> Threads should already have separate stacks don't they? There are two type of ...

> Threads should already have separate stacks don't they?

There are two type of threads: cooperative and preemptive/parallel. Coroutines with stacks represent cooperative threading. There's only ever one actual hardware thread, so there's never any race conditions or locks. Depending on whether you have one core that has an interrupt-driven kernel switching contexts for you (preemptive), or a multi-core system that's actually running two threads at the same time; the latter model protects you against a full application/system stall if one thread stops responding (hi, OS9), and it also allows scalability for parallel tasks.

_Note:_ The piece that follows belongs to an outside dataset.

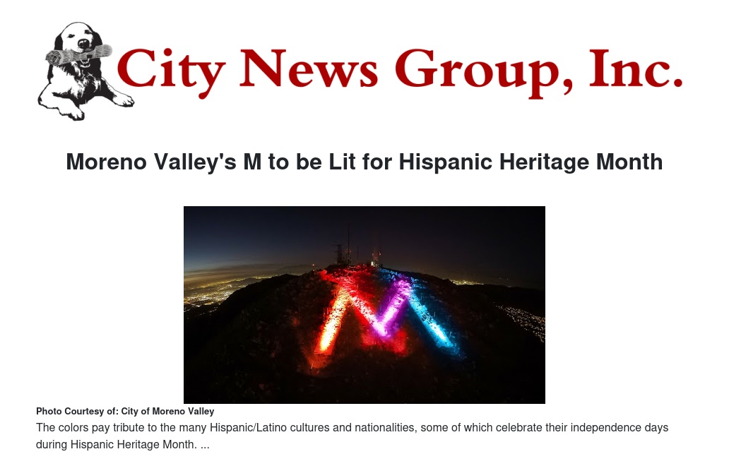Moreno Valley's iconic M on Box Springs Mountain will be lit red, orange, purple, blue, and green in an alternating format on Thursday, September 16 to commemorate the start of Hispanic Heritage Month.

> As for the calling a function that does the yielding for you, people tend to call that "stackful" coroutines.

People have a million names for it, unfortunately. It's a simple yet immensely powerful concept, although it's not popular. So people keep reinventing it (due to not knowing it exists already) and coming up with their own names for it. You'll also hear them called cothreads, fibers, green threads, etc.

But at the end of the day, they're all variant names for cooperative threads.

> This imposes some restrictions in how the runtime is implemented.

Getting access to memory for a new stack isn't a problem in practice. Outside of tiny DSPs with dedicated call stacks (eg NEC 7725), I've yet to encounter a processor where you couldn't just allocate a new block of heap memory and use it for another thread's stack space. x86, amd64, ppc32, ppc64, arm, mips, sparc, etc.

Now you can claim that the new memory won't automatically grow at exhuastion. Well, you can mmap things and catch exceptions to expand it. But really, the default these days is 512K - 1M for your main stack thread anyway in C; and they generally only reserve a max of 8M short of special compiler flags. Just allocate a large block for your extra threads and you'll be fine.

I've also heard of some tricks with setjmp/longjmp that involve subdividing the main stack, but there's really no need for that at all.

A runtime can't safely use purely stack-relative addressing anyway, since there's no telling how much of an offset there is due to non-runtime function recursion already when the runtime functions are invoked. Unless it's a very high-level language, in which case there's a myriad of better ways to handle this anyway.